Re: let's move bridgeMamaSubscriptionMute call up in hierarchy out of throttle locked context
Igor Kovalenko
Classification: Public
Hi Frank,
I confirm that with your change I can reproduce the deadlock I described earlier:
(gdb) info threads Id Target Id Frame 6 Thread 0x7f51b9fcd700 (LWP 26406) "mamalistencpp_c" 0x00007f51bb6a9993 in select () from /lib64/libc.so.6 5 Thread 0x7f51b903b700 (LWP 26407) "mamalistencpp_c" 0x00007f51bb6a9993 in select () from /lib64/libc.so.6 4 Thread 0x7f51b3433700 (LWP 26408) "mamalistencpp_c" 0x00007f51bb6a9993 in select () from /lib64/libc.so.6 3 Thread 0x7f51b2c32700 (LWP 26414) "mamalistencpp_c" 0x00007f51bb99054d in __lll_lock_wait () from /lib64/libpthread.so.0 2 Thread 0x7f51b2431700 (LWP 26415) "mamalistencpp_c" 0x00007f51bb67984d in nanosleep () from /lib64/libc.so.6 * 1 Thread 0x7f51bd02d7c0 (LWP 26405) "mamalistencpp_c" 0x00007f51bb99054d in __lll_lock_wait () from /lib64/libpthread.so.0
(gdb) thread 1 [Switching to thread 1 (Thread 0x7f51bd02d7c0 (LWP 26405))] #0 0x00007f51bb99054d in __lll_lock_wait () from /lib64/libpthread.so.0 (gdb) frame 3 #3 0x00007f51bc0912e4 in wlock_lock (lock=0x7f519dda0490) at /xxx/openmama/src/common/c_cpp/src/c/wlock.c:64 64 wthread_mutex_lock( &impl->mMutex ); (gdb) print impl->mMutex $4 = {__data = {__lock = 2, __count = 1, __owner = 26414, __nusers = 1, __kind = 1, __spins = 0, __elision = 0, __list = {__prev = 0x0, __next = 0x0}}, __size = "\002\000\000\000\001\000\000\000.g\000\000\001\000\000\000\001", '\000' <repeats 22 times>, __align = 4294967298}
(gdb) thread 3 [Switching to thread 3 (Thread 0x7f51b2c32700 (LWP 26414))] #0 0x00007f51bb99054d in __lll_lock_wait () from /lib64/libpthread.so.0 (gdb) frame 3 #3 0x00007f51bc0912e4 in wlock_lock (lock=0xa3f6a0) at /xxx/openmama/src/common/c_cpp/src/c/wlock.c:64 64 wthread_mutex_lock( &impl->mMutex ); (gdb) print impl->mMutex $3 = {__data = {__lock = 2, __count = 1, __owner = 26405, __nusers = 1, __kind = 1, __spins = 0, __elision = 0, __list = {__prev = 0x0, __next = 0x0}}, __size = "\002\000\000\000\001\000\000\000%g\000\000\001\000\000\000\001", '\000' <repeats 22 times>, __align = 4294967298}
From: Openmama-dev@... [mailto:Openmama-dev@...]

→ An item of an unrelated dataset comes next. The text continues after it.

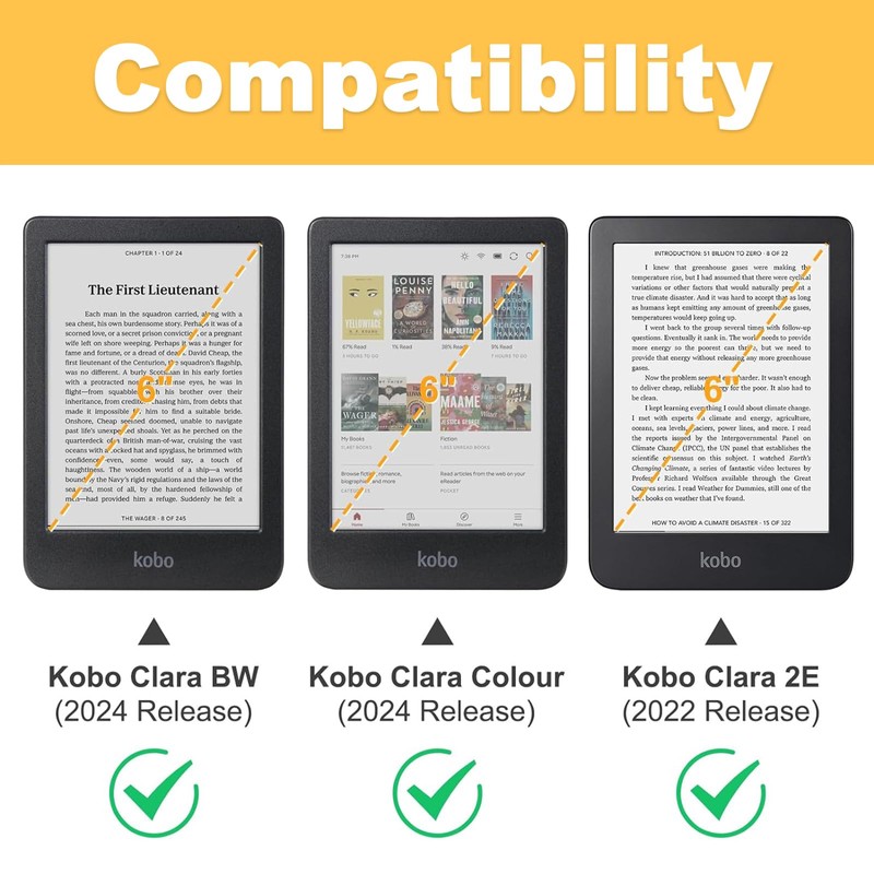 - Compatibility: Specially designed for 6 inch Kobo Clara BW (2024) model N365, Kobo Clara Colour (2024) model N367 and Kobo Clara 2E (2022). Does not fit any other Kobo tablet.

On Behalf Of Igor Kovalenko
Sent: Wednesday, May 13, 2020 14:43 To: Frank Quinn <fquinn@...>; openmama-dev@... Subject: Re: [Openmama-dev] let's move bridgeMamaSubscriptionMute call up in hierarchy out of throttle locked context
Classification: Public
Hi Frank,
Thank you for looking into this issue. Testing this change will take some time, but I think this change would introduce a deadlock due to change in locking order:
wombatThrottle_sendQueuedMessage [A] acquires list_lock (self->mMsgQueue) and calls info->mActionCb() which is wrapped mamaSubscriptionImpl_completeMarketDataInitialisation() [B] which acquires impl->mCreateDestroyLock
.. while your implementation does locking in B-A order.
My implementation of this reduced locked scope preserves AB locking order. In fact it looks very much like the following pseudo-code
{ acquire throttle lock acquire mCreateDestroyLock /* protecting impl from changes via throttle sendQueuedMessage callback invocation */ check if impl state is MAMA_SUBSCRIPTION_ACTIVATING if so remove throttle action and set impl state to MAMA_SUBSCRIPTION_DEACTIVATED, so throttle sendQueuedMessage callback invocation would skip this impl drop mCreateDestroyLock drop throttle lock } /* do not acquire throttle lock, since throttle sendQueuedMessage will already skip impl not in MAMA_SUBSCRIPTION_ACTIVATING state*/ acquire mCreateDestroyLock unconditionally call mute subscription *before mamaSubscription_deactivate_internal has any chance* here goes original code to handle impl states (now the case of MAMA_SUBSCRIPTION_ACTIVATING is a no-op since we handled it above) drop mCreateDestroyLock
From: Frank Quinn [mailto:fquinn@...]
Hi Igor, can you try out this branch please?
https://github.com/fquinner/OpenMAMA/tree/feature/subscription-throttle-lock-scope-reduction
Cheers, Frank
Frank Quinn, Cascadium | +44 (0) 28 8678 8015 | http://cascadium.io
From: Igor Kovalenko <igor.kovalenko@...>
Classification: Public
Hi Frank,
Yes I will be able to review and test the PR.
From: Frank Quinn [mailto:fquinn@...]
Hi Igor,
Erm, I think I understand the issue… If I put a PR together, can you review and verify if this fixes the issue?
Cheers, Frank
Frank Quinn, Cascadium | +44 (0) 28 8678 8015 | http://cascadium.io
From:
Openmama-dev@... <Openmama-dev@...>
On Behalf Of Igor Kovalenko via lists.openmama.org
Classification: Public
Hi
I now seem to have successfully tested a proper fix for the issue which requires calling bridgeMamaSubscriptionMute outside of throttle locked context.
All it takes is to handle a subscription in state MAMA_SUBSCRIPTION_ACTIVATING as special case in mamaSubscription_deactivate with throttle lock still held to drain related event from throttle queue. Following that all other cases do not require throttle lock anymore. Now when throttle lock is dropped but with mCreateDestroyLock acquired it is safe to call bridgeMamaSubscriptionMute outside of throttle locked context.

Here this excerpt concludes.